The `METRICS` object defines the metric catalogue:

```typescript
import { METRICS } from '@lostgradient/weft/observability';

// METRICS.workflowDuration
//   name: 'weft.workflow.duration', type: 'histogram', unit: 'ms'
// METRICS.activityDuration
//   name: 'weft.activity.duration', type: 'histogram', unit: 'ms'
// METRICS.activityAttempts
//   name: 'weft.activity.attempts', type: 'counter', unit: 'attempts'
// METRICS.workflowActive
//   name: 'weft.workflow.active', type: 'gauge', unit: 'workflows'
// METRICS.workflowStarted
//   name: 'weft.workflow.started', type: 'counter', unit: 'workflows'
// METRICS.workflowCompleted
//   name: 'weft.workflow.completed', type: 'counter', unit: 'workflows'
// METRICS.workflowFailed
//   name: 'weft.workflow.failed', type: 'counter', unit: 'workflows'
// METRICS.taskBacklog
//   name: 'weft.task.backlog', type: 'gauge', unit: 'tasks'
// METRICS.taskQueueLatency
//   name: 'weft.task.queue_latency', type: 'histogram', unit: 'ms'
// METRICS.taskExecutionLatency
//   name: 'weft.task.execution_latency', type: 'histogram', unit: 'ms'
// METRICS.workerCapacitySaturation
//   name: 'weft.worker.capacity_saturation', type: 'gauge', unit: 'ratio'
```

Each metric has a `name`, `description`, `unit`, and `type` (counter, gauge, or histogram). The [server](./server.md) exposes these at `GET /v1/metrics` in Prometheus-compatible text format.

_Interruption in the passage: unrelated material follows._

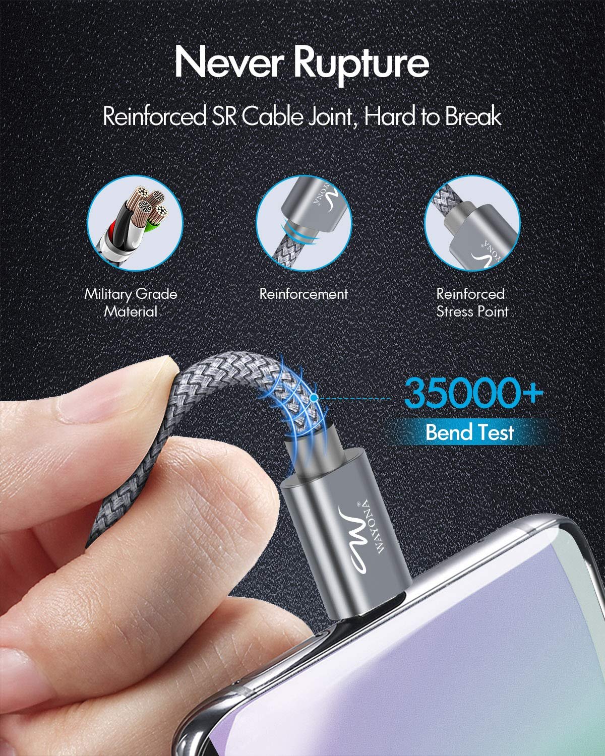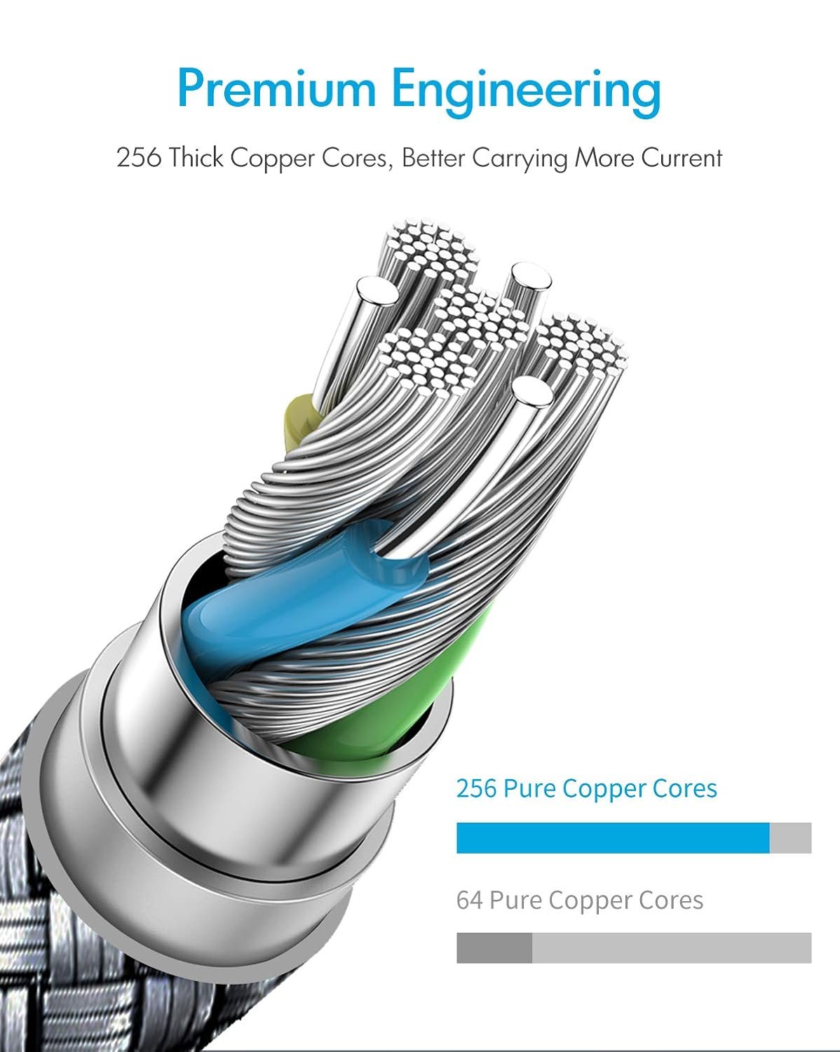 Transfer music, movies, and photo albums in secondsNylon braided, using high quality copper, multi-layer signal shielding layer.Adds strong military fiber, can withstand 15000+ bending, and there is no need to worry about entanglement, which can effectively extend cable life.With the fastening tape for organization, you can shorten the cable to any length you want and even organize it to a portable size that can put in your handbag or backpack.

Task and worker metrics are intentionally low-cardinality. They tell you that backlog, queue latency, execution latency, retries, stale heartbeats, or capacity saturation exist. When you need the concrete evidence behind those aggregates, use `GET /api/v1/tasks/diagnostics` to retrieve bounded diagnostic items for stuck queued tasks, stale in-flight tasks, retry storms, all-workers-at-capacity conditions, and task-result dead letters.

## Composing with other interceptors

Observability is just a regular interceptor. Compose it with your own by controlling registration order. The first registered interceptor is the outermost wrapper.

```typescript partial
engine.addInterceptor(authInterceptor); // 1. Check auth
engine.addInterceptor(validationInterceptor); // 2. Validate inputs
engine.addInterceptor(observabilityInterceptor); // 3. Trace the validated, authorized call
engine.addInterceptor(encryptionInterceptor); // 4. Encrypt before sending to worker
```

In this arrangement, the observability span captures the call _after_ auth and validation have passed but _before_ encryption. The span timings reflect the actual activity execution, not the overhead of validation and encryption. Adjust the order to match what you want to measure.

Activity-side hooks follow the same pattern through `addInterceptor()`:

```typescript partial
engine.addInterceptor(observabilityInterceptor);
engine.addInterceptor(decryptionInterceptor);
```

If you're building a custom interceptor that also needs trace context, let the observability interceptor handle extraction. It reads the propagated `traceparent` header internally and parses it with `parseTraceParent()`.

Traces stitch together automatically as long as the headers propagate through the interceptor chain.